Some 81,000 cubic metres of soil – enough to fill 900 double-decker buses – are laced with radioactivity which for years has been spilling from pipelines and blowing off open-air ponds of nuclear waste.

Although the state-owned company that runs the plant insists that the contamination is “very low-level”, it poses huge clean-up problems. The government regulator, the Nuclear Installations Inspectorate, says the soil will have to be treated and disposed of as radioactive waste.

The contamination has been found at Hunterston A nuclear power station, which is now being decommissioned. The official published inventory of Britain’s nuclear waste estimates the total amount of unpackaged low-level radioactive waste at Hunterston A at no more than 28,860 cubic metres.

But almost three times that amount were found by the Nuclear Decommissioning Authority (NDA), the government body set up to oversee the clean-up of Britain’s nuclear plants. It said the contamination was as a result of “historic leaks”.

Pete Roche, a consultant to Greenpeace, pointed out that Hunterston A’s 81,000 cubic metres is a huge amount of waste. He said: “It dwarfs the amount of waste that we know about at most other nuclear facilities . It will be decades, at least, before the nuclear waste legacy problem is solved.”

The Hunterston A site is run by the British Nuclear Group (BNG) . It claimed that it has known about the contamination “for some time” and that it had been “mainly” caused when the reactors were operating.

“Some of the contamination came from the on-site open-air cooling ponds through some wind-blown contamination within the site,” said a BNG spokesman. “Some would also have been caused by spills from effluent lines within the site.”

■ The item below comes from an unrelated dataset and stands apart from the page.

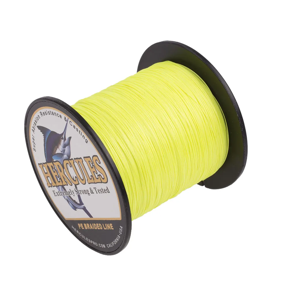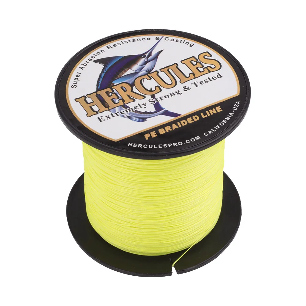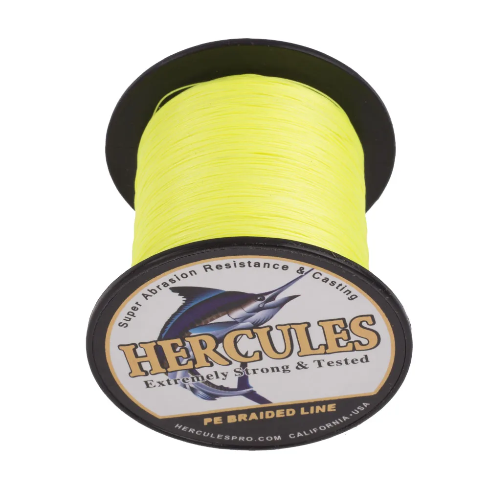 Hilo de pescar trenzado Hercules, 8 hebras, amarillo fluorescente, 100M, 300M, 500M, 1000M, 1500M, 2000M, cable Linha multifilamento para pesca
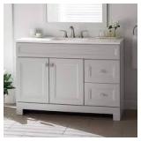 ITEM IS NEW AND REFUNDABLE BEFORE ITEM LEAVES THE BUILDING AND IF DIFFERENT THEN DESCRIBED BELOW. RETAIL: $699 Swappable bathroom cabinet doors and drawers for easy install 48 in bathroom vanity and sink includes solid surface vanity top Includes vanity top, cabinet soft close hinges, cabinet hardware

Extensive investigations are planned over the next few years to assess the exact volume and level of contamination, he added. In the meantime, the contamination will be managed and monitored to ensure safety of the public, the workforce and the environment.

But experts said that cleaning up and disposing of such a large amount of contaminated soil will not be easy. The only site available for disposing of low-level radioactive waste – Drigg, near the Sellafield nuclear plant in Cumbria – is nearly full.

Chris Ballance, the Green MSP for the south of Scotland, said the discovery of so much contamination was “a complete scandal”. He was present at the NDA stakeholder meeting in Ayrshire where the information was disclosed.

“Is the Ayrshire coast always going to be radioactive around Hunterston? Is the site always going to have to be protected against people with malicious intent?” he asked.

The Hunterston revelations are going to be raised at Westminster by the Welsh anti-nuclear Labour MP, Llew Smith. He has put down a parliamentary question demanding details of the contamination and what is being done to remove it.

The Nuclear Installations Inspectorate wasn’t able to comment in detail on the situation at Hunterston A, but a spokesman did say that its policy was that contaminated soil should be treated as radioactive waste and disposed of accordingly.

The Scottish Environment Protection Agency (Sepa) was aware of the contamination. “Our understanding is that the main incident leading to the contamination arose in the 1970s,” said a spokeswoman.

“If contamination … is found outside the site boundaries, then Sepa would consider what action should be taken. If there were any recent breaches of authorisation or ongoing releases, then Sepa would use its legislative powers appropriately.”

The south of Scotland is also facing another risk from the de commissioning of the four reactors at Chapelcross, near Annan in Dumfries and Galloway. BNG has confirmed that 40,000 nuclear fuel rods are due to be shipped south from the site between 2005 and 2007.